Not sure why you would write that the currency exchange is "free" then correctly say there is the two commission cost to the exchange.
OOH, it is good to point out that there are other options while OTOH, novices may be put off by the contradiction.

As well, some here on CMF prefer to use large interlisted stock like a bank instead of DLR. What capabilities for the NG transaction that one has access to from one's broker likely plays into which one decides to use.




Edmonton_mike said:


> ... A more complete description can be found on the Money Sense magazine website. Or just do a google search for Norbit Gambit for how to do this.


Are you saying that the Money Sense article is clearly than the threads here on CMF that have covered this several times and years back?
Surely being able to ask questions beats an article?

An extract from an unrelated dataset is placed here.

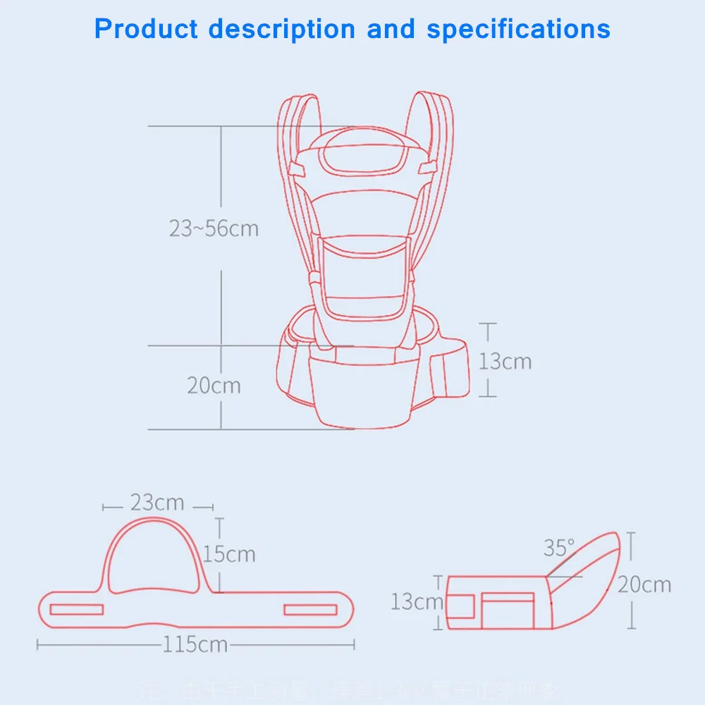 Описание: 1. Ткань: лицевая ткань, хлопок, подкладка из полиэстера 2. Обхват талии: 71-110 см 3. Вес: около 0,78 кг 9 функции: 1. 3 модель использования: одна модель перевозчика, одна модель сиденья Бедра, Комбинированная Модель 2. Подходит для 0-48 месяцев. 4 года, один Перевозчик! 3. 15 видов переноски для 0-48 месяцев 4. С большой емкостью хранения 5. С длинной задней панелью может защитить ребенка от ветра и солнца 6. Длинная задняя панель также может защитить позвоночник ребенка 7. Научный дизайн подушки для предотвращения детских o-ножек 8. Подходит для лета и 4 сезона 9. Красивый цвет для маленьких мальчиков и девочек

BTW, google is likely to retrieve threads here on the topic so where one is already browsing CMF, it might be faster to search here. There are lots of other sources that will be listed where only a few will have the chance for one to ask questions. 


A search here lists among other threads:
https://www.canadianmoneyforum.com/...best-way-to-exchange?highlight=Norbert+gambit
https://www.canadianmoneyforum.com/...o-exhange-CDN-for-US?highlight=Norbert+gambit
https://www.canadianmoneyforum.com/...bit-at-Scotia-ITrade?highlight=Norbert+gambit
https://www.canadianmoneyforum.com/...Norbert-Gambit-at-TD?highlight=Norbert+gambit
https://www.canadianmoneyforum.com/...-at-BMO-investorline?highlight=Norbert+gambit
https://www.canadianmoneyforum.com/...ted-stocks-for-gambit-trades?highlight=shogam

There is also the Short First Gambit:


> carrier = TD
> conversion size = 11K USD
> market exchange rate = 1.30363
> gambit exchange rate = 1.30304
> *net FX conversion fees = 0.05%*


https://www.canadianmoneyforum.com/showthread.php/64970-ShoGam-short-first-gambit?highlight=shogam


Cheers


----------